Re: [net PATCH] tcp: Mark fastopen SYN packet as lost when receiving ICMP_TOOBIG/ICMP_FRAG_NEEDED
From: Eric Dumazet
Date:  Fri Dec 11 2020 - 14:19:38 EST
On Fri, Dec 11, 2020 at 6:15 PM Alexander Duyck
<alexander.duyck@xxxxxxxxx> wrote:
>
> On Fri, Dec 11, 2020 at 8:22 AM Eric Dumazet <edumazet@xxxxxxxxxx> wrote:
> >
> > On Fri, Dec 11, 2020 at 5:03 PM Alexander Duyck
> > <alexander.duyck@xxxxxxxxx> wrote:
> >
> > > That's fine. I can target this for net-next. I had just selected net
> > > since I had considered it a fix, but I suppose it could be considered
> > > a behavioral change.
> >
> > We are very late in the 5.10 cycle, and we never handled ICMP in this
> > state, so net-next is definitely better.
> >
> > Note that RFC 7413 states in 4.1.3 :
> >
> >  The client MUST cache cookies from servers for later Fast Open
> >    connections.  For a multihomed client, the cookies are dependent on
> >    the client and server IP addresses.  Hence, the client should cache
> >    at most one (most recently received) cookie per client and server IP
> >    address pair.
> >
> >    When caching cookies, we recommend that the client also cache the
> >    Maximum Segment Size (MSS) advertised by the server.  The client can
> >    cache the MSS advertised by the server in order to determine the
> >    maximum amount of data that the client can fit in the SYN packet in
> >    subsequent TFO connections.  Caching the server MSS is useful
> >    because, with Fast Open, a client sends data in the SYN packet before
> >    the server announces its MSS in the SYN-ACK packet.  If the client
> >    sends more data in the SYN packet than the server will accept, this
> >    will likely require the client to retransmit some or all of the data.
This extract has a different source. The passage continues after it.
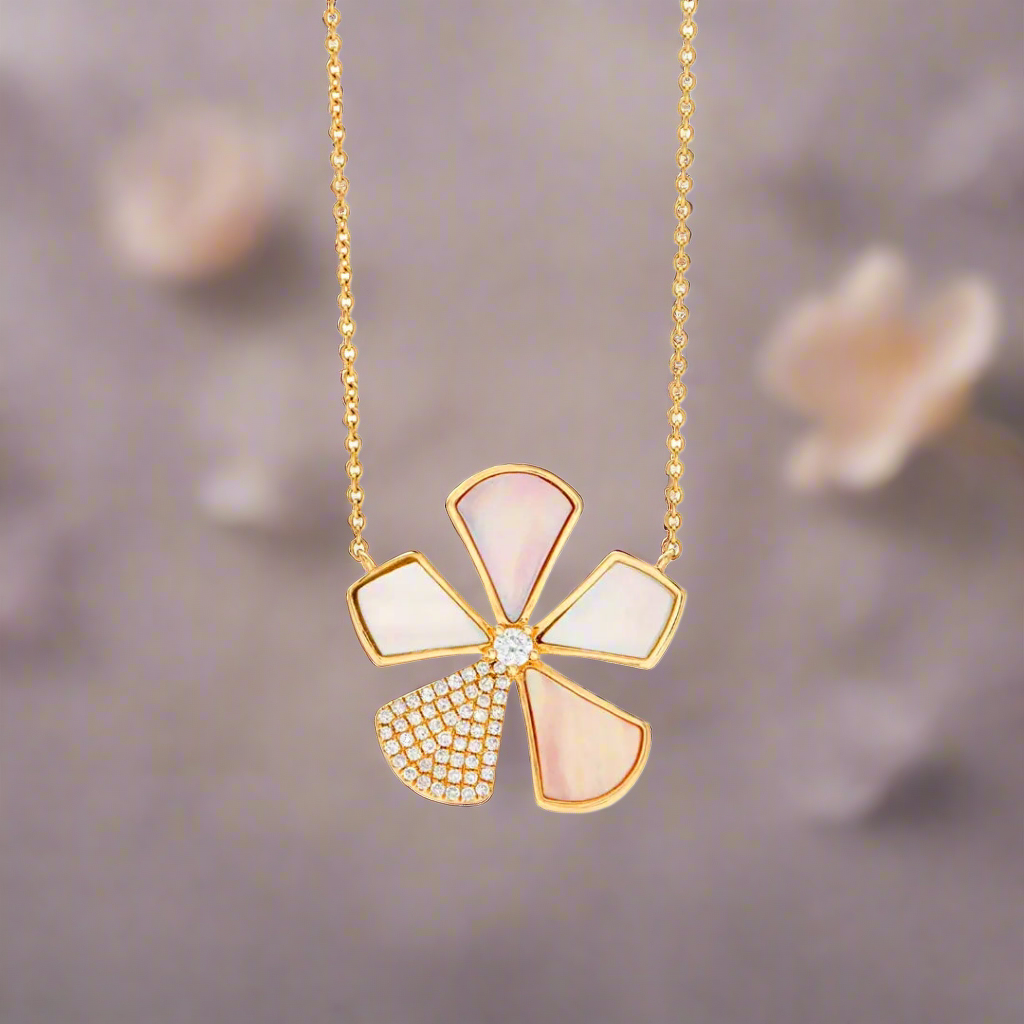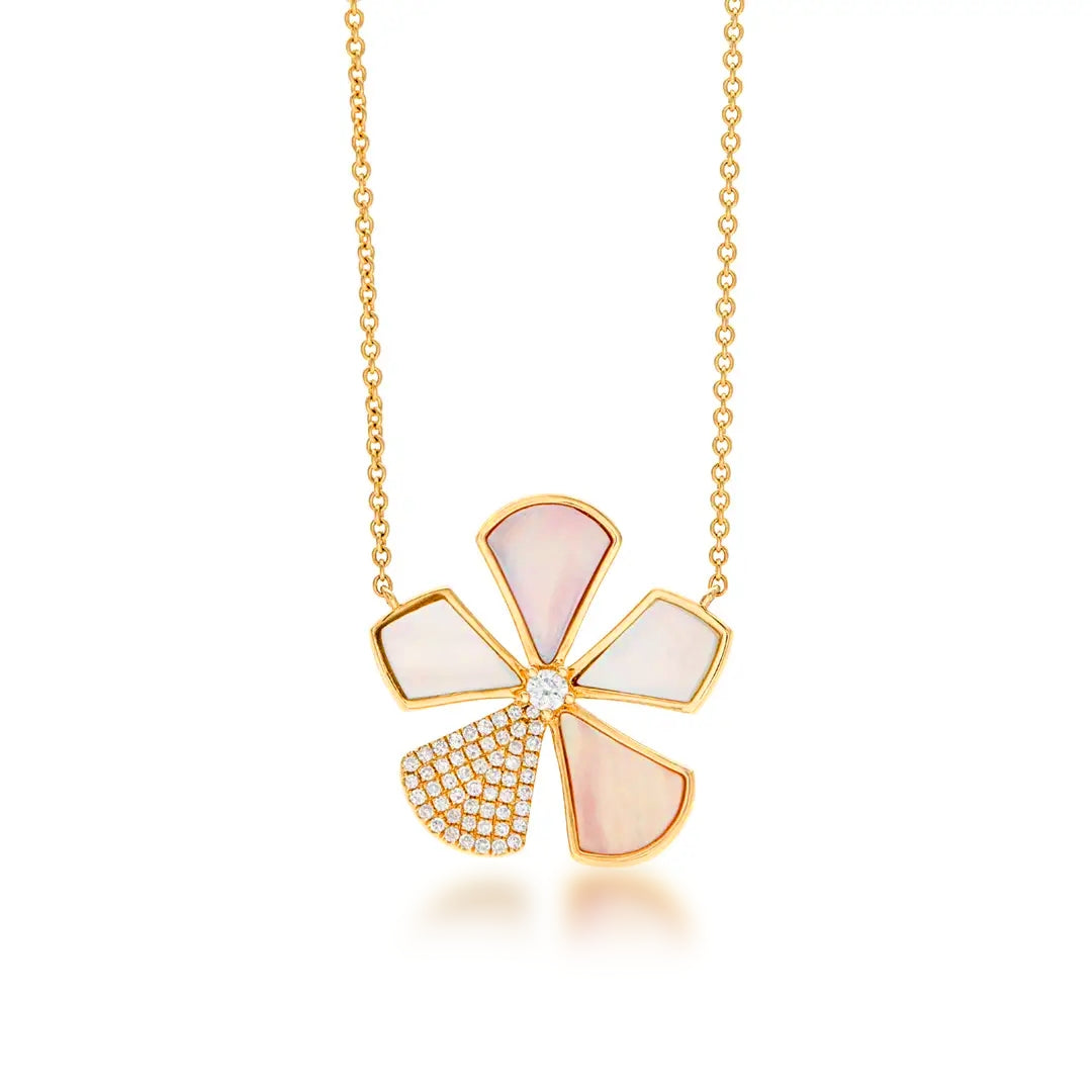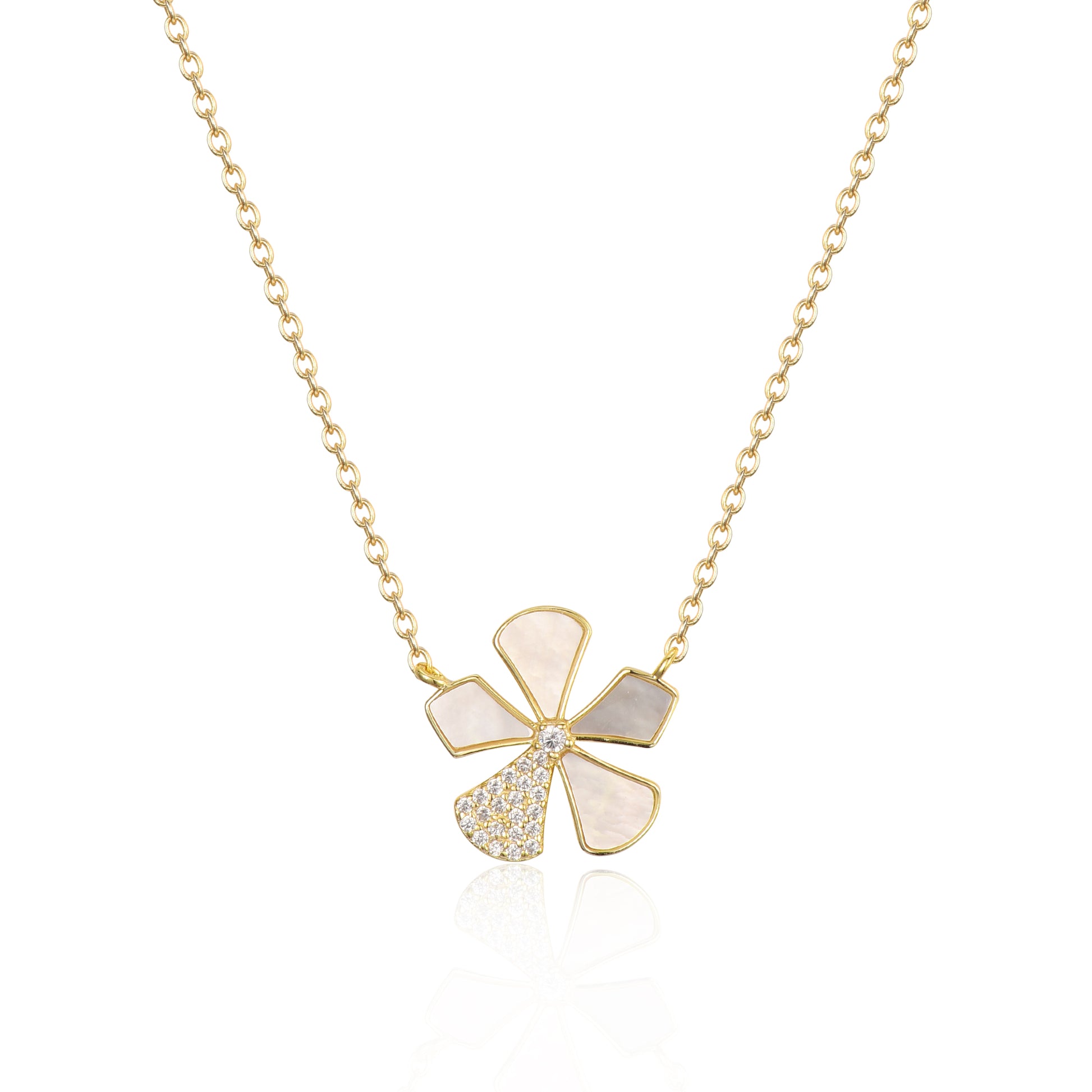 Sterling Silver Gold Plated Mother of Pearl And CZ Five Petal Flowers Necklace

> >    Hence, caching the server MSS can enhance performance.
> >
> >    Without a cached server MSS, the amount of data in the SYN packet is
> >    limited to the default MSS of 536 bytes for IPv4 [RFC1122] and 1220
> >    bytes for IPv6 [RFC2460].  Even if the client complies with this
> >    limit when sending the SYN, it is known that an IPv4 receiver
> >    advertising an MSS less than 536 bytes can receive a segment larger
> >    than it is expecting.
> >
> >    If the cached MSS is larger than the typical size (1460 bytes for
> >    IPv4 or 1440 bytes for IPv6), then the excess data in the SYN packet
> >    may cause problems that offset the performance benefit of Fast Open.
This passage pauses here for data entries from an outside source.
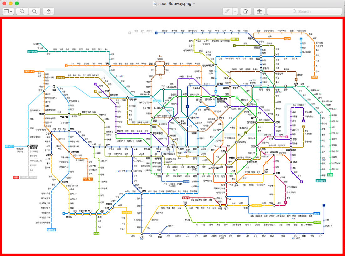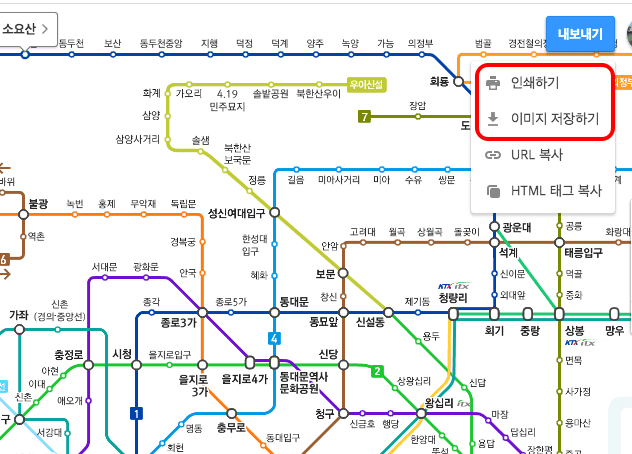 세부 메뉴에서 인쇄하기 또는 이미지 저장하기를 클릭합니다. 저장된 이미지를 확인하시면 seoulSubway.png 파일로 저장되어 있으며 파일을 열면 위의 사진처럼 서울 지하철 노선도 크게보기가 가능합니다.
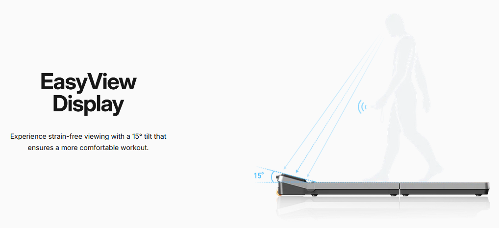 | Sudut Layar Ergonomis Dilengkapi LED EasyView Display dengan sudut kemiringan 15°. Tampilan data latihan terlihat jelas tanpa perlu menunduk berlebihan. Membantu mengurangi ketegangan mata saat berolahraga. |
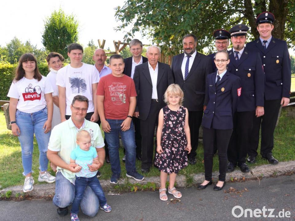 Eines seiner schönsten Geschenke war es, dass sein „einziger Freund“, wie er ihn scherzhaft nennt, der 34 PS Hanomag, Baujahr, 1958 wieder funktioniert. Trotz seines hohen Alters hat sich der Jubilar noch lange nicht aufs Altenteil zurückgezogen, sondern ist aktiv wie eh und je. Zur Geburtstagsfeier beim Gipfelwirt auf dem Fahrenberg ließ die Feuerwehr Bernrieth die Blaskapelle Waldkirch dem ältesten Mitglied ein Ständchen spielen. „Das ist für mich eine richtige Ehre, ich fühl mich wie früher König Ludwig“, meinte Wüst sichtlich beeindruckt. Nach dem Dankgottesdienst der Bernriether Wehr am Fahrenberg gratulierten alle Feuerwehrleute zum runden Geburtstag. Die Wehr war mit großer Führungsmannschaft mit Vorsitzenden Norbert Feneis (Unterfahrenberg), Sina Bayer (Oberbernrieth), Albert Gollwitzer (Bibershof) und Bernhard Müller (Waldthurn) angetreten.

> >    For example, the unusually large SYN may trigger IP fragmentation and
> >    may confuse firewalls or middleboxes, causing SYN retransmission and
> >    other side effects.  Therefore, the client MAY limit the cached MSS
> >    to 1460 bytes for IPv4 or 1440 for IPv6.
> >
> >
> > Relying on ICMP is fragile, since they can be filtered in some way.
>
> In this case I am not relying on the ICMP, but thought that since I
> have it I should make use of it. WIthout the ICMP we would still just
> be waiting on the retransmit timer.
>
> The problem case has a v6-in-v6 tunnel between the client and the
> endpoint so both ends assume an MTU 1500 and advertise a 1440 MSS
> which works fine until they actually go to send a large packet between
> the two. At that point the tunnel is triggering an ICMP_TOOBIG and the
> endpoint is stalling since the MSS is dropped to 1400, but the SYN and
> data payload were already smaller than that so no retransmits are
> being triggered. This results in TFO being 1s slower than non-TFO
> because of the failure to trigger the retransmit for the frame that
> violated the PMTU. The patch is meant to get the two back into
> comparable times.
Okay... Have you studied why tcp_v4_mtu_reduced() (and IPv6 equivalent)
code does not yet handle the retransmit in TCP_SYN_SENT state ?